先前杨采月说李蕴是个胆子小的,可李茂水嘴里那个李蕴,却是个时不时犯病的疯子。
杨采月一定还有事瞒着。
杨采月跟原主从小一起长大,原主的习惯,原主的过往,她最清楚。
可每回跟她见面都聊得匆忙,好些细节没来得及细问。
所以李骄离开衙门后没回府。
从衙门到城西那条小巷子,路不算远,走了约莫两刻钟。
到地方时,李骄抬手叩门,叩了三下,里头才传来脚步声,紧接着,门开了一条缝,杨采月从门缝里看清是她,连忙把门拉开,侧身让她进去。
“李娘子,你怎么来了?”杨采月声音里带着惊喜,又掺着紧张,一边领她往里走,一边下意识往巷子两头张望了一眼,才关上门。
“李蕴的案子,我夫君打算重审了,我来找找李蕴生前的物件,看能不能寻着什么线索。”
杨采月又惊又喜,连连点头,引着她穿过窄小的院子进了屋。
屋子不大,墙角搁着一架绣绷,绷子上是一幅绣了一半的并蒂莲。李骄瞧着那花样,觉得有些眼熟,她略一思忖,想起来了——她刚穿过来时卖的那只木簪上头,好像就是这个纹样。
李骄微微蹙眉,意味深长看了杨采月一眼,又怕惊动什么似的把目光挪开了。
然后在屋子里扫了一圈,视线在绣绷旁那只绣篮上停了一停,绣篮里堆着些碎布头和丝线,最上头搁着一方叠得整整齐齐的帕子。
帕子是旧物,边缘已起了毛边,但洗得干干净净,看得出主人十分珍视。
“那是她的。”杨采月顺着她的目光看过去,轻声道,“从前我们一块儿绣花的时候,她用的就是这条帕子。后来她出了事,我就一直收着,想着总有一天……”
她没说下去,低下头,拿手指擦了擦眼角。
李骄走过去,把那方帕子拿起来。
料子是寻常棉料,算不上好,可绣工确实出色。
帕角绣了一小簇兰花,针法细腻,配色清雅,每一片花瓣都层次分明。她翻过帕子,在另一面的边角处摸到一点凹凸不平的触感。低头细看,是同色丝线绣的一个小小的“蕴”字。

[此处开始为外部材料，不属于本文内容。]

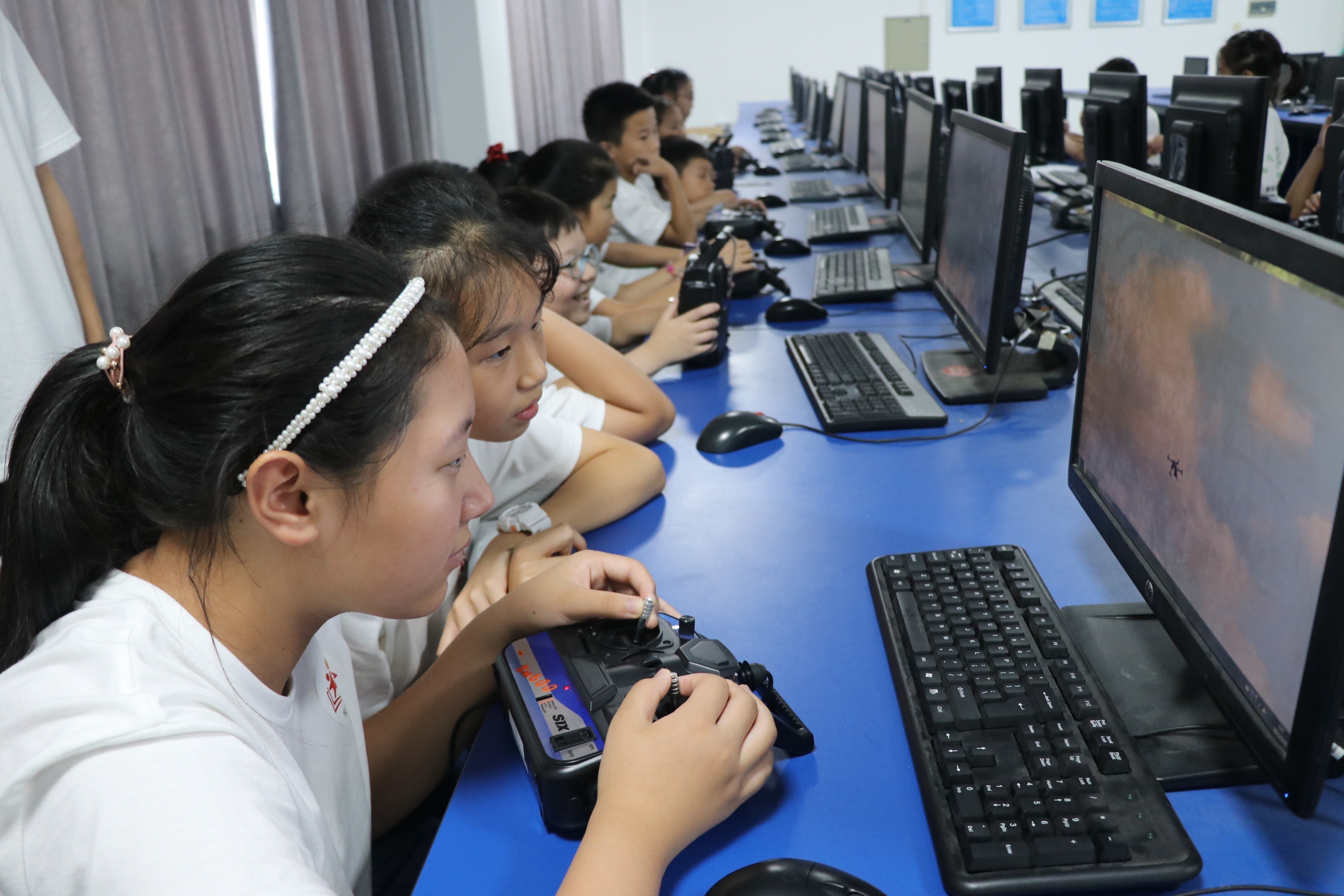 小学员们首先走进“创翼蔚徕”无人机行业示范展厅,大学生老师深入浅出地为孩子们科普了无人机的相关知识,带领他们参观展示机型,让孩子们对无人机产生了浓厚的兴趣。随后,小学员们转战模拟演练区进行实操训练,“机长”大学生们通过实际操作向孩子们展示了无人机编程以及模拟器装调,看着软件控制下的无人机上下翻飞,孩子们响起了热烈的掌声。

这东西可以带回去给沈钦瞧瞧,看能不能瞧出什么端倪来,这种事他拿手。
李骄想着,把帕子叠好收进袖中,又在屋里不动声色走了几步,目光看似随意地扫过各处角落:“就这一件?还有没有别的?”
杨采月摇摇头:“她平日里没什么东西留在我这儿,就这方帕子,还是有一回她来我这里绣花落下的。”
李骄点点头,走到窗边,抬手推开窗户往外瞧了一眼。
院子很小,墙根底下种着几株月季,开得稀稀拉拉,没什么精神。
她正要收回目光,却忽然顿住了。
窗台上落着一小撮灰白色的粉末,不仔细看几乎察觉不到。
她瞟了杨采月一眼,见杨采月正背对着她翻找东西,想再寻寻还有什么跟李蕴有关的物件。李骄便趁她不注意,伸指沾了一点粉末,凑到鼻尖闻了闻。
指尖微微一顿。
她不动声色地关上窗户,转过身来时,脸上已恢复如常。
她又同杨采月闲聊了几句,问绣坊生意好不好,近来有没有人找麻烦。杨采月一一答了,说还算太平,没什么人来找事,就是活计少了些,日子过得紧巴。
“那你照顾好自己。”李骄起身告辞,走到门口又回头看了她一眼,“对了,这几日若有人来找你打听什么,你就说跟我不熟,只是来送过几回绣活。记住了?”
杨采月愣愣点头,应了下来。
出了巷子,李骄脸上的笑意慢慢收了。
窗台上那撮粉末,是香灰。
她在千将坊见过。
不管是京城的总号还是江南的分号,每张赌桌旁边都摆着香炉,烧的是同一种灰白色的细粉,千将坊自己特制的,外头买不到。
听说那是配给贵客用的净手散焚烧后的余烬,质地比寻常香灰细,颜色也浅。她在京城赢钱那回,庄家点头哈腰请她净手,用的就是这个。
有人来过杨采月的院子,来的那个人,还跟千将坊有关系。
杨采月跟千将坊之间能有什么牵扯?难不成杨采月就是千将坊那位女东家?
这也太荒唐了些。
她心里觉得不对,脚下便往千将坊的方向走,想再去探个究竟。
可行至半路,她忽然觉出不对劲来。
巷子里太安静了,连狗叫声都没有,她方才来的时候,巷子里那些摆小摊的、蹲在墙根底下打盹的老乞丐、坐在门口择菜的婆子,全都不见了。
巷口那家茶摊倒还在,可摊主不是早上那个了,换了个脸生的年轻男人,正低着头擦桌子,偏偏他手里的抹布还是干的。
破绽百出。
毫不意外,她被人盯上了。
李骄抬手理了理鬓边碎发,顺势用余光扫了一眼巷口那个擦桌子的男人,她的指尖慢慢摸向袖口内侧,那里缝着张猴儿给她备的几根银针。
她功夫不及正经练家子,正面动手讨不着便宜,只能使些阴的。
她把银针换到最趁手的位置,仰头看了一眼天上的月色,轻轻吐出一口气。
就在这时,对方动了。
一阵急促的脚步声朝她而来,不止一人。